How does oligo dT chromatography help to separate mRNAs from rRNAs and tRNAs?

A

The matrix of this chromatography technique is made up with polyT oligonucleotides, in order to hybridise with the polA tails of all the processed mRNA present in the sample.

29
Q

How does oligo dT chromatography help to separate mRNAs from rRNAs and tRNAs?

A

The matrix of this chromatography technique is made up with polyT oligonucleotides, in order to hybridise with the polA tails of all the processed mRNA present in the sample. This then allows for the analysis of all of the mRNA that is present in a cell/tissue. mRNA can then be eluted using low salt concentrations, which would break the A=T bonds.

This does not work for rRNA or tRNA because they do not get processed to contain polyA tails.

30
Q

Describe the key steps in RNA seq that are needed to prepare the DNA for sequencing.

A

The processed mRNA is purified from the cell/tissue sample by oligo dT chromatography. The RNA is then fragmented into smaller ribonucleotides (~100-200 bp), which will help in the amplification later. A variety of different primers are used to convert RNA fragments into ssDNA, including oligo dT for the polyA tails to bind to, and random hexamer sequences for the RNA fragments that don’t have polyA tails.

With this sample of RNA-DNA strand, cDNA is produced using ribonuclease H to cleave the phosphodiester bonds in the RNA strand. DNA Pol then can remove the ribonucleic acid residues and replace it with DNA to form the double stranded cDNA.
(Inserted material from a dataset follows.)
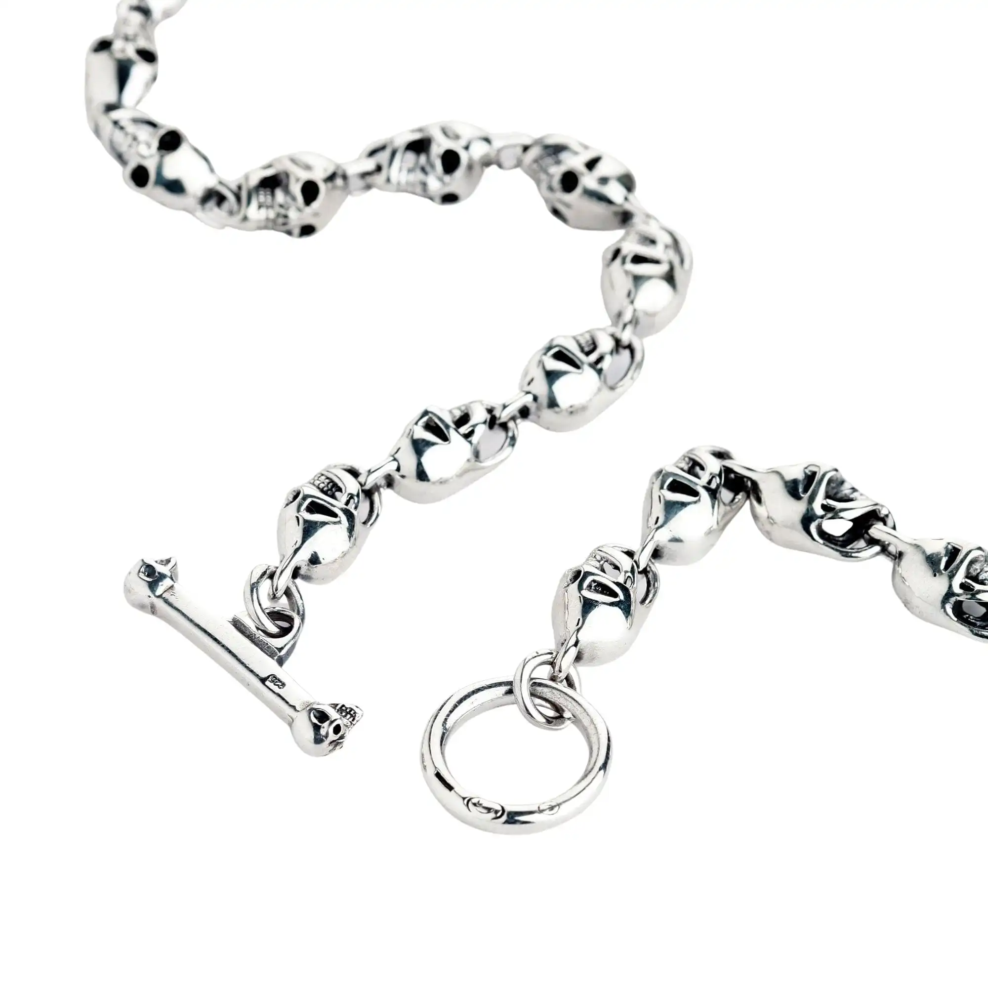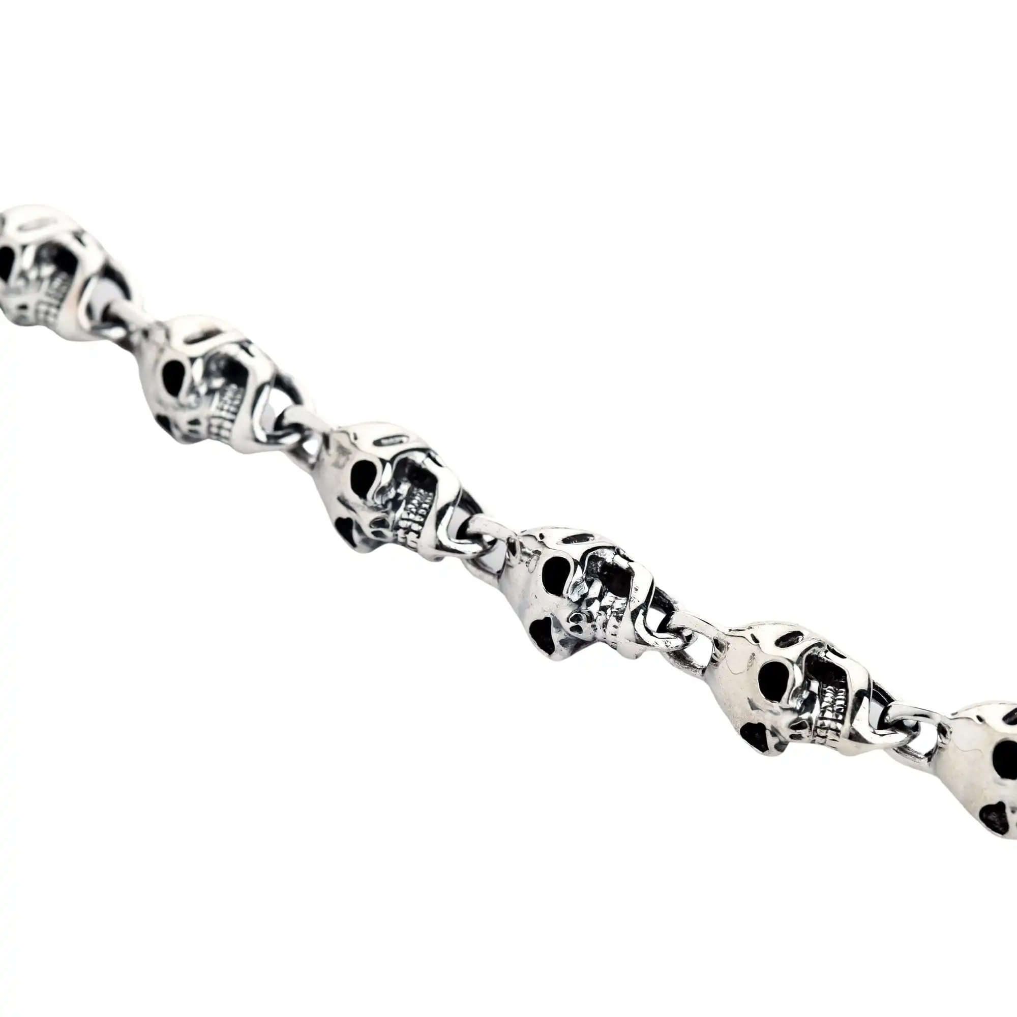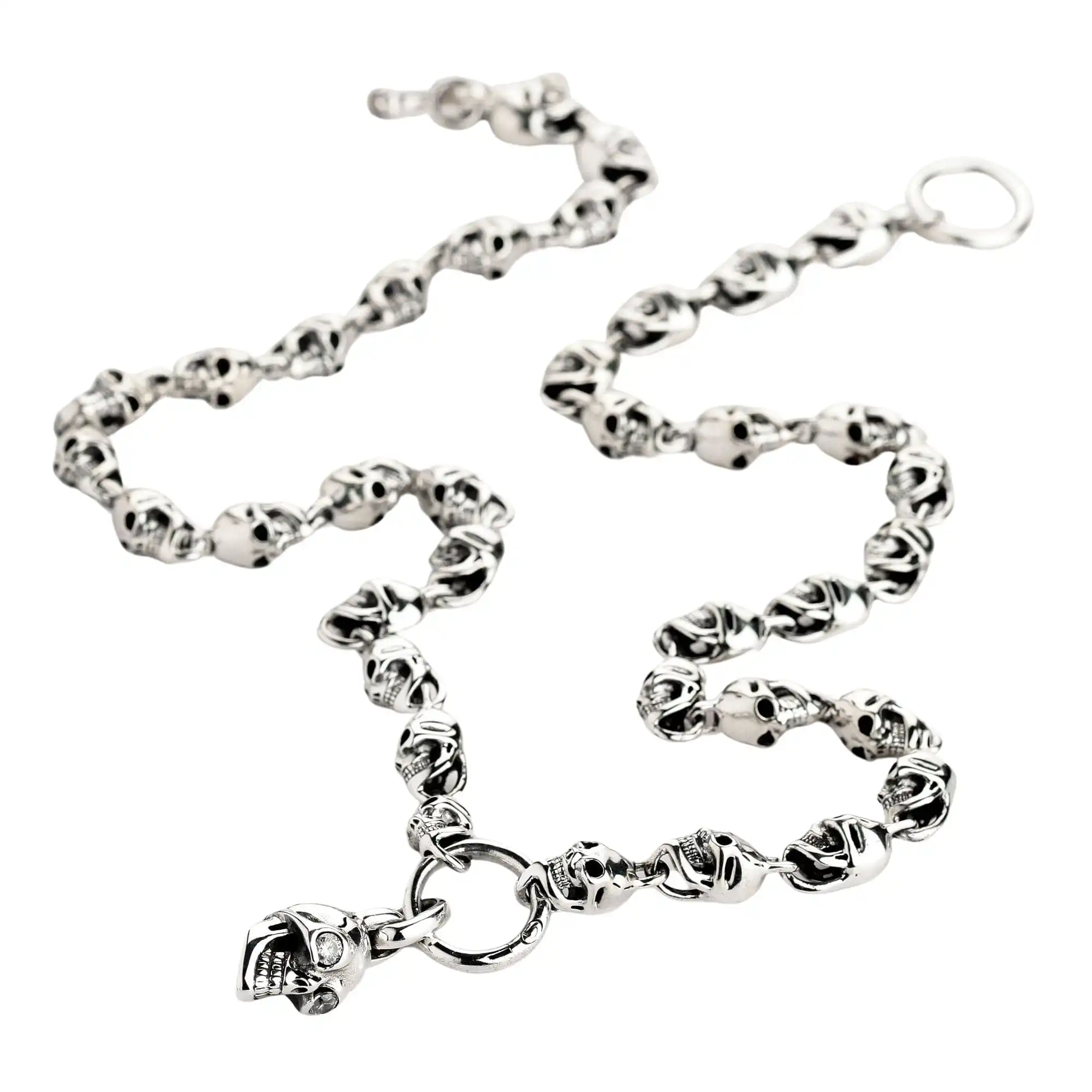 An impressive level of detail presents itself in our Diamond Biker Skull Necklace. With a feeling of power and Gothic inspiration, the dead-eyed glare of immortal skulls pass their gaze over every passer by. Stacked along the chain with a master taking hi place at the pendant, it has an ominous feel to it, inspired by Gothic and rocker fashion.

Lastly, adaptor sequences are added to both sides of the fragment, to aid amplification and sequencing. This is so that the primers used for PCR can be designed to be complementary to the adaptors (and then used for priming in sequencing as well)

31
Q

Describe how this cDNA, synthesised from the mRNA sample, can be used to quantitatively analyse the expression of mRNA in a cell/tissue by RNA sequencing.

A

The cDNA is sequenced and the analysis of the resulting sequences can be done via bioinformatics. It compares this sample genome to a reference genome. The more fragments of the gene appear, the more abundant the mRNA for the gene is within the cell.

This is an useful method because it can be used to compare wild-type and knock-out samples. It also looks at the entire genome so as well as getting the answer about the specific target you were looking for, you can also find effects that may have been unknown or unpredicted.